Maybe have to use zmq_poll with both in and out events?  Ultimately in_event()
needs to fire on the pgm_sender which calls process_upstream() that
processes a NAK.

On 23 March 2018 at 13:43, Montero, Antonio UTC CCS <
Antonio.Montero at fs.utc.com> wrote:

> Understood however that is not the behavior I am seeing. Although that is
> likely to be the case for EPGM since those are UDP packets although from my
> understanding regardless whether incoming data is multicast or unicast, PGM
> is binding to any address and specific port. The kernel will pass all data
> received on an interface to any listening socket as long as the destination
> port patches that of the socket binding.
>
>
>
> Now let’s put aside UDP for a sec, what about when using pgm transport?

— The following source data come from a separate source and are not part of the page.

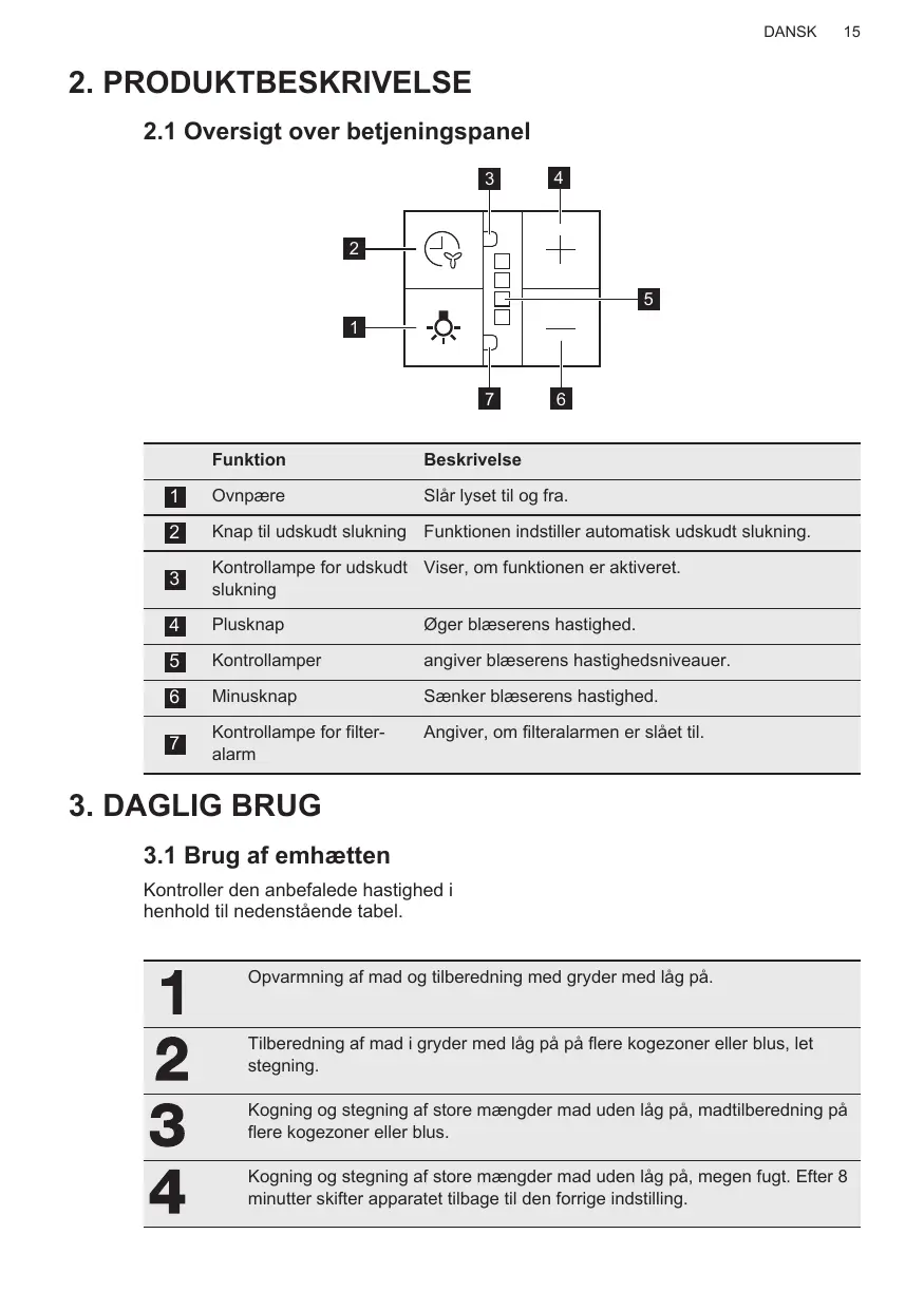 3. DAGLIG BRUG 3.1 Brug af emhætten Kontroller den anbefalede hastighed i henhold til nedenstående tabel. Opvarmning af mad og tilberedning med gryder med låg på. Tilberedning af mad i gryder med låg på på flere kogezoner eller blus, let stegning. Kogning og stegning af store mængder mad uden låg på, madtilberedning på flere kogezoner eller blus. Kogning og stegning af store mængder mad uden låg på, megen fugt. Efter 8 minutter skifter apparatet tilbage til den forrige indstilling.
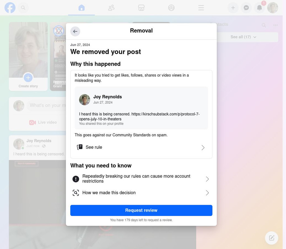 I posted the link to this substack post on Facebook, and it was immediately removed.
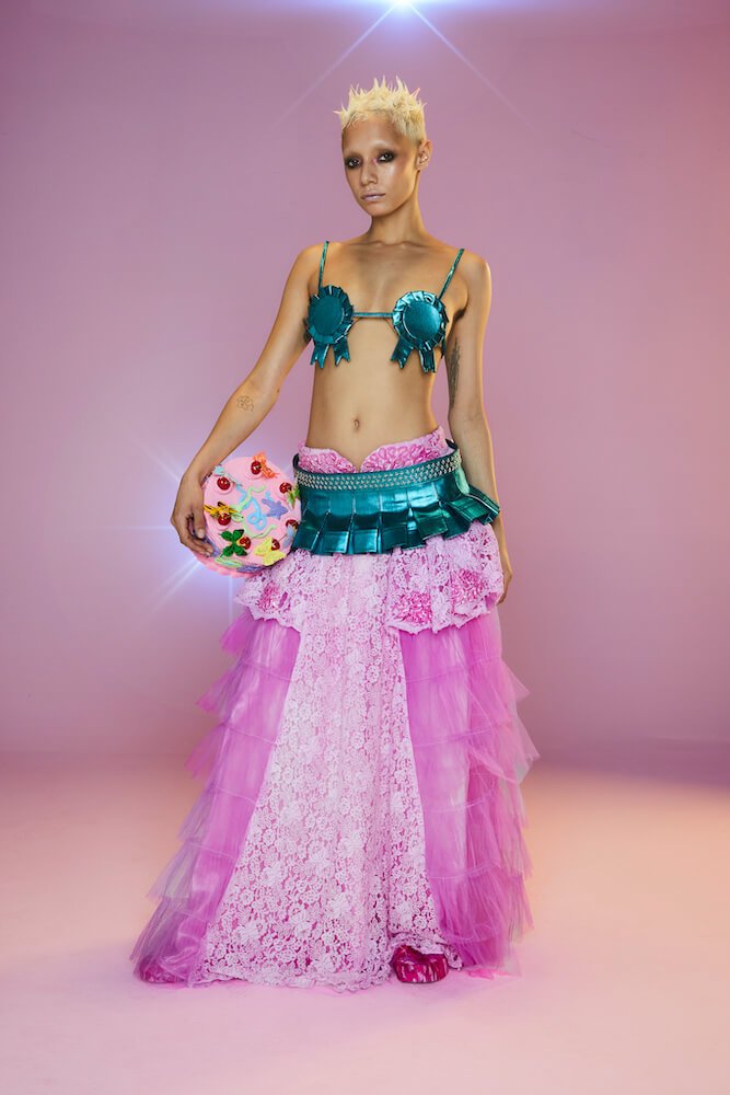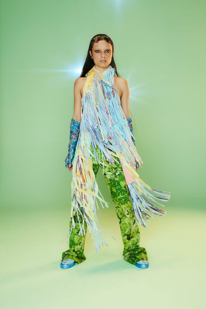 This realm of joy and colour has reached everyday items, too. In an accompanying lookbook, models hold encrusted reusable cups, while harness buckles hang from neon belts. The layer of sarcasm present in video doesn’t mean that the sustainable ideas of Collina Strada are any less actual. The designer has long been an avid user of deadstock fabrics, and textiles made from rose bushes and stems. This is a designer crusading against climate change, one reality TV gag at a time.

> These are raw sockets and any unicast NAK are actually sent from remote SUB
> to the PUB unicast address and source port (which is randomly selected at
> the time of creating the raw PGM PUB socket). At that point the PUB socket
> should be the only one listening on its own unicast address and source
> port. Correct?
>
>
>
> *This is a snapshot of what my netstat –ln looks like at the moment. This
> is with both ( PUB and SUB created and running on the same host ).*
>
>
>
> Proto Recv-Q Send-Q Local Address                                                                Foreign
> Address      State
>
> *Sockets associated with PUB:*
>
> raw   164672      0     2001:db8::2b0:19ff:fe73:d890%2147479552:113
> ::%622984:*            113
>
> raw   164672      0    2001:db8::2b0:19ff:fe73:d890%2147479552:113
> ::%623304:*             113
>
> raw        0            0    ::%2147479552:113
>                                              ::%622984:*
>  113
>
> *Sockets associated with SUB:*
>
> raw   164672      0    2001:db8::2b0:19ff:fe73:d890%2147479552:113
> ::%622984:*             113
>
> raw   164672      0    2001:db8::2b0:19ff:fe73:d890%2147479552:113
> ::%623304:*             113
>
> raw        0            0    ::%2147479552:113
>                                                ::%622984:*
> 113
>
>
>
> You would notice how the Recv-Q is full on both PUB and SUB related
> send/router alert send sockets.
>
> These are my thoughts as to why they are full and not because of the same
> reason:
>
>
>
> For the case of the SUB associated sockets the 2001 address ones basically
> used to send NAKs to the remote PUB:
>
> These get full as soon as a remote PUB starts sending multicast data. I
> think the SUB send socket is connecting with the destination port used to
> send multicast traffic. I can see whenever a SUB sends NAK to the PUB that
> the source port on unicast packet matches that of the destination port of
> the multicast group. However this is not really an issue since the SUB
> socket is configured in PGM as receive only therefore any ODATA/SPM data
> received on its send socket is not processed. The SUB socket however is
> also getting the multicast data via the local binding: ::%2147479552:113
> which as seen is emptying out its queue fine and I could verify the node is
> receiving data at the application level.
>
>
>
> For the case of the PUB associated sockets the 2001 address ones basically
> used to send ODATA/SPM/RDATA/NCF to remote SUB:
>
> Even though its local binding: ::%2147479552:113 is also receiving the
> multicast data sent by remote PUB it is thrown out since the PUB socket is
> configured as send only at PGM level and so ODATA/SPM data received is
> thrown out.
>
> However, its send associated sockets do receive unicast NAKs from remote
> SUB and as seen above they are being put on the socket’s Recv-Q however the
> queue is full because NAKs are not being processed by the PUB socket.
>
>
>
> Note: The exact same behavior is seen with EPGM the only difference is
> that none of the sockets Recv-Q get full because they are being emptied out
> at the UDP layer upon arrival however I suspect that once forwarded to the
> PGM layer the PGM socket buffers would show the same thing as netstat –ln
> above.
>
>
>
> Even though I think is redundant and probably not a good idea to run the
> same code when creating either a ZMQ PUB and/or SUB socket since
> essentially those socket types are restricted to do specific things like
> send/receive only, that does not appear to be the cause of the issue here.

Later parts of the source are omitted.